Basically, there are two possible approaches to inventorize journals that currently allow immediate green archiving under a CC-BY license:

  • policy-based – by checking journal- or publisher policies, either directly or through Sherpa Romeo or Share Your Paper from Open Access Button.
  • empirically – by checking evidence for green archiving with 0 embargo and CC-BY license (with potential cross-check against policies to check for validity).

Here we only report on the first approach.

A full overview of journal open access policies and allowances (such as will be provided by the Journal Checker Tool that cOAlition S announced early July 2020) was beyond our scope here. Therefore, we carried out a policy check for a limited set of 36 large publishers to get a view of currently existing options for immediate green archiving with CC-BY license, supplemented with anecdotal data on journals that offer a compliant option. We also briefly discuss the potential and limitations of an empirical approach, and potential publisher motivations behind (not) allowing immediate sharing and sharing under a CC-BY license, respectively.

Our main conclusions are that:

  1. Based on stated policies we found very few (18) journals that currently allow the combination of immediate and CC-BY-licensed self archiving.
  2. Based on stated policies of 36 large publishers, there are currently ~2800 journals with those publishers that allow immediate green, but all disallow or do not explicitly allow CC-BY.

Large publishers – policies

We checked the 36 largest non-full-OA publishers, based on number of 2019 articles according to Scilit (which uses Crossref data), for self archiving policies allowing immediate sharing on (institutional) repositories. Of these 36 publishers, 18 have zero embargo allowances for at least some of their journals for green sharing of AAMs from subscription (incl. hybrid) journals in institutional or disciplinary repositories. Overall that pertains to at least 2785 journals. Elsevier only allows this in the form of updating a preprint shared on ArXiv or RePEc. From these large publishers, those with the most journals allowing zero embargo repository sharing are  Sage, Emerald, Brill,  CUP, T&F (for social sciences), IOS and APA. Notably, though not a large publisher in terms of papers or journals, the AAAS also allows immediate sharing through repositories.
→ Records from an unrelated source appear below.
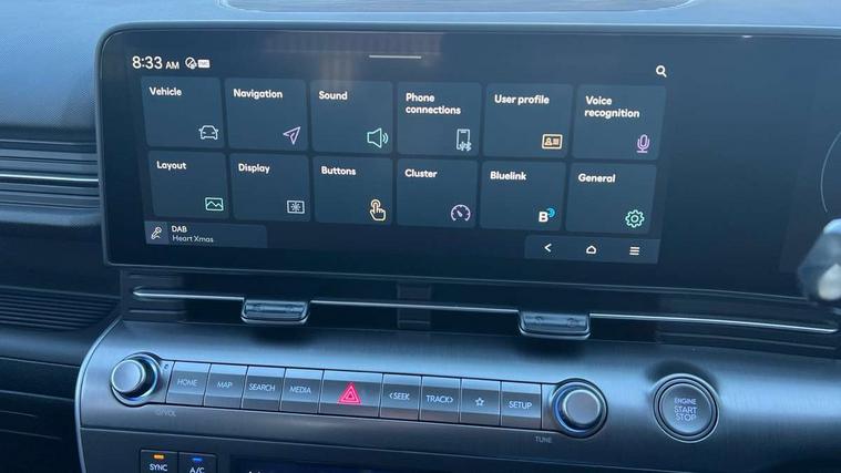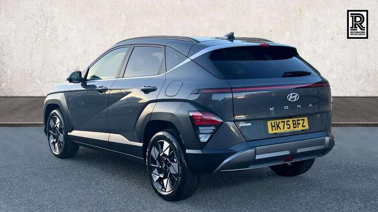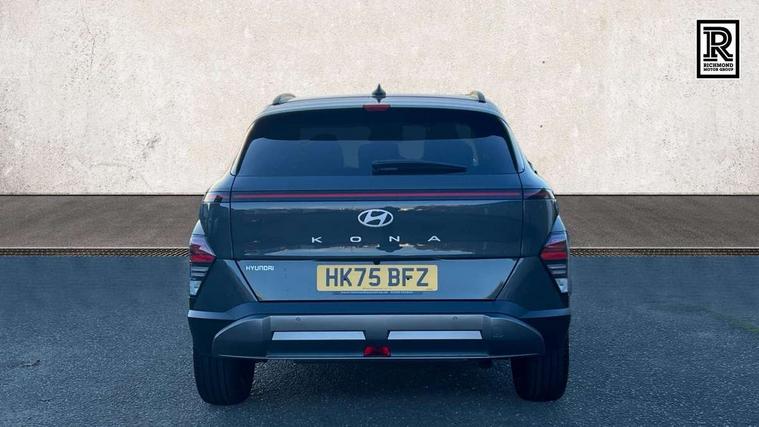 12.25" digital instrument cluster, 12.3" touchscreen centre console display satellite navigation with bluelink, live services and mapcare, Blind spot collision avoidance assist, Blind spot view monitor, Bluetooth connectivity with voice recognition, Cruise control, Driver status monitor (DSM), Driver supervision instrument cluster with 12.3" LCD display, eCall emergency call system, Feature on demand - Enabled, Forward collision avoidance assist (FCA 1.5) - Car, pededstrian, cycle and junction turning, Front parking sensor, Height adjustable power tailgate, Intelligent speed limit assist, Lane follow assist, Lane keep assist, Leading vehicle departure alert (LVDA), Parking Collision Avoidance Assist-Reverse (PCA-R), Parking distance warning - side, Parking system with rear camera and guidance system, PAS, Rear cross traffic collision avoidance (RCCA), Rear parking sensor, Rear view camera with dynamic guidelines, Roadside assistance, Safe exit warning (SEW), Surround view monitor, Wireless phone charging pad, Wireless Smartphone Integration includes Apple CarPlay and Android auto, 2 front USB C and 2 rear USB C charging points, Bose Premium Audio system with 7 premium speakers + subwoofer, DAB Digital radio, Steering wheel audio, phone and cruise controls, Auto dimming rear view mirror, Automatic headlights with dusk sensor, Automatic windscreen wipers with rain sensor, Black painted wheel arch inserts, Body colour exterior door handles, Body coloured door mirrors, Door mirror LED indicator lights, Electric front windows with anti-trap mechanism and one touch control, Electric rear windows, Electric sunroof, Electrically adjustable and heated door mirrors, Horizon centre LED DRL, LED projector headlights, LED taillights, LED upper and lower rear lights, Power folding door mirrors, Privacy glass - Rear windows and tailgate, Rain sensor, Rear roof spoiler with integrated LED brake light, Rear side wing doors, Rear skid plate - silver, Rear wiper, Roof rails, Solar glass with front door glass and windscreen, Tinted glass in front and rear doors, Windscreen auto defog function, 12V power outlet in front console, 2 zone climate control, 3 seat bench in 2nd row, 40/20/40 split folding rear seat, Adjustable head restraints, Ambient lighting, Driver and passenger front seat pockets, Driver's seat electric adjustments, Driver's seat lumbar support, Driver/passenger sunvisors and illuminated vanity mirrors, Floor mats, Front passenger's seat electric adjustments, Heated front seats, Heated rear seats, Heated steering wheel, Height/reach adjustable steering column, Leather steering wheel, Leather upholstery, Leather wrapped steering wheel and gear knob, LED centre interior light, LED front interior light, Luggage compartment LED lighting, Luggage net, Luggage shelf, Metal paint effect interior door handles, Rear centre armrest with cupholders, Single front passenger seat, Ventilated front seats, Vertical adjustment rear head restraints, Trailer wiring package - Kona, Airbag - front, front side, curtain and centre front airbag, Anti-lock brake system (ABS), Childproof rear door locks, Downhill brake control, Electric parking brake, Electronic stability control, Fixed 3 point for second row centre passenger seatbelt, Hill start assist control (HAC), Rear seat alert, Tyre pressure monitoring system, Alarm/immobiliser, Rear occupant alert, Remote central locking, Smart key with keyless entry and start/stop button, Five year annual vehicle health checks, 18" Alloy wheels, Temporary mobility kit (TMK),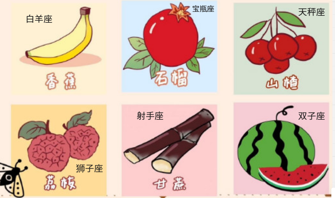 5. Стрельцы (射手座 shèshǒuzuò) сравниваются с сахарным тростником (甘蔗 gānzhe) (хотя это даже не фрукт, но все же :)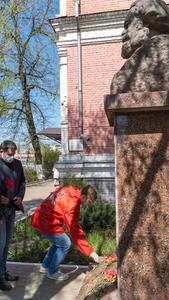 Собравшиеся возложили алые гвоздики к подножию памятника К. Марксу.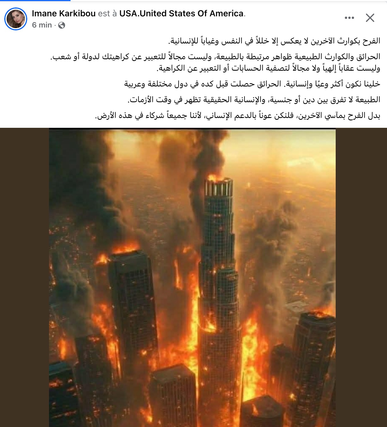 من جانبها، عبرت الفنانة المغربية "إيمان قرقيبو" المتواجدة حاليا بأمريكا، عن أسفها الشديد لفرح فئات عريضة من المسلمين، للدمار الذي لحق مناطق شاسعة من ولاية كاليفورنيا، حيث نشرت بالمناسبة تدوينة عبر حسابها الفيسبوكي، أكدت من خلالها أن "الفرح بكوارث الآخرين لا يعكس إلا خللاً في النفس وغياباً للإنسانية".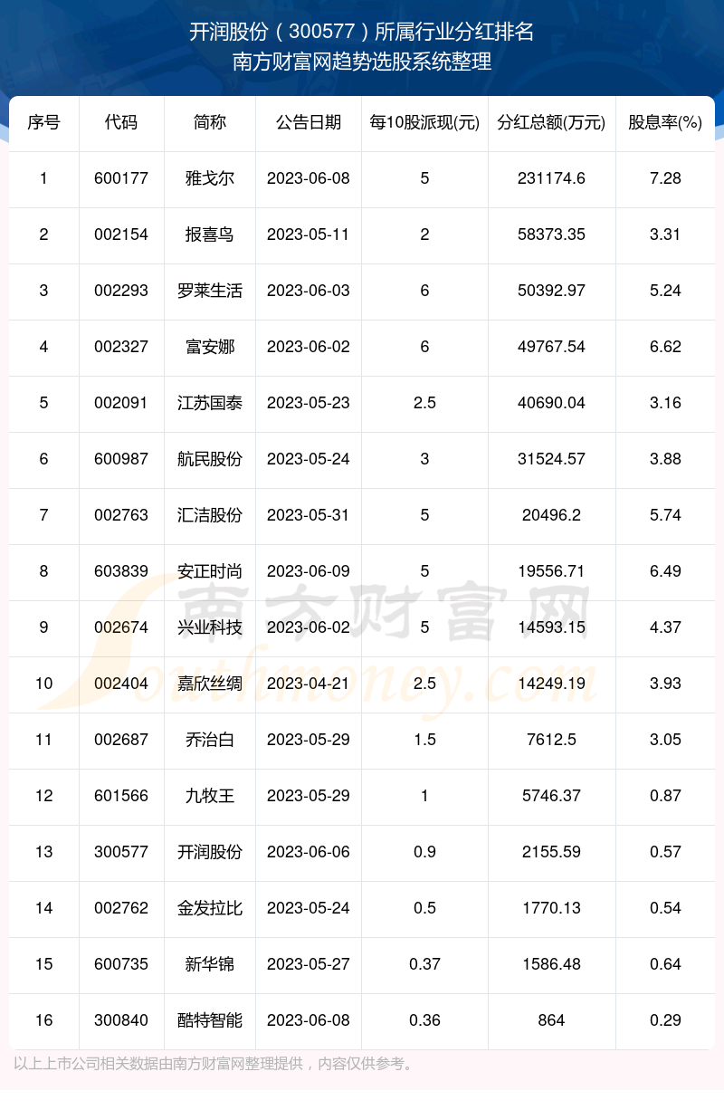 二、开润股份300577行业分红排名

None of these policies allow using a CC-BY license for sharing in repositories. Three explicitly mention another CC-license (NC or NC-ND), others do not mention licenses at all or ask authors to state that the copyright belongs to the publisher. Sometimes CC-licenses are not explicitly mentioned, but it is indicated that the AAM shared in repositories are for personal and/or non-commercial use only. 

For the data see columns F-H in the tab ‘Green OA‘ in the accompanying spreadsheet.

Other evidence

From the literature and news sources we know of a few examples of single publishers allowing zero embargo sharing in repositories combined with a CC-BY license:

  • ASCB:
    • Molecular Biology of the Cell (PV OA (CC-BY) after 2 months,
      AAM 0 embargo with CC-BY)
  • MIT Press:
    • Asian Development Review (full OA but PV has no open license)
    • Computational Linguistics (full OA but PV=CC-BY-NC-ND)
  • Microbiology Society
    • Microbiology
    • Journal of general Virology
    • Journal of medical Microbiology
    • Microbial genomics
    • International Journal of Systematic and Evolutionary Microbiology
    • JMM case reports
  • Royal Society
    • Biology Letters
    • Interface
    • Interface Focus
    • Notes and records
    • Philosophical Transactions A
    • Philosophical Transactions B
    • Proceedings A 
    • Proceedings B 

A check of the long tail of smaller publishers could yield additional examples of journals compliant with 0 embargo / CC-BY sharing from smaller publishers. 

Empirical analysis of green archiving

Empirical analysis of actual green archiving behaviour (e.g. using Unpaywall and/or Unpaywall data in Lens.org) could also provide leads to journals allowing early sharing.

Since Unpaywall data do not contain information on the date a green archived copy was made available in a repository, a direct empirical analysis of zero-embargo archiving is not readily possible. As a proxy, a selection could be made of articles published in a period of 3 months before a given database snapshot, and then identifying those that are only available as green OA. A period of 3 months, rather than 1 month or less, would allow for some delay in posting to a repository. 

The benefit of using Lens.org for such an analysis is the availability of a user-friendly public interface to perform queries in real time. The disadvantage is that, although Lens sources OA information from Unpaywall, no license information for green OA is included, and no distinction is made between submitted, accepted and published versions. Analyses could also be done on a snapshot of the Unpaywall database directly, which includes license information for green OA (where available) and provides version information.

Gap analysis report

In our previous gap analysis report that gave a snapshot of publication year 2017, we did harvest policies from Sherpa Romeo systematically for the subset of journals included in the gap analysis (journals in Web of Science publishing articles resulting from Plan S-funded research). As explained above, updating this approach was beyond our scope for this exercise. 

In our original gap analysis data, we found no examples of journals that allowed 0 embargo in combination with CC-BY. 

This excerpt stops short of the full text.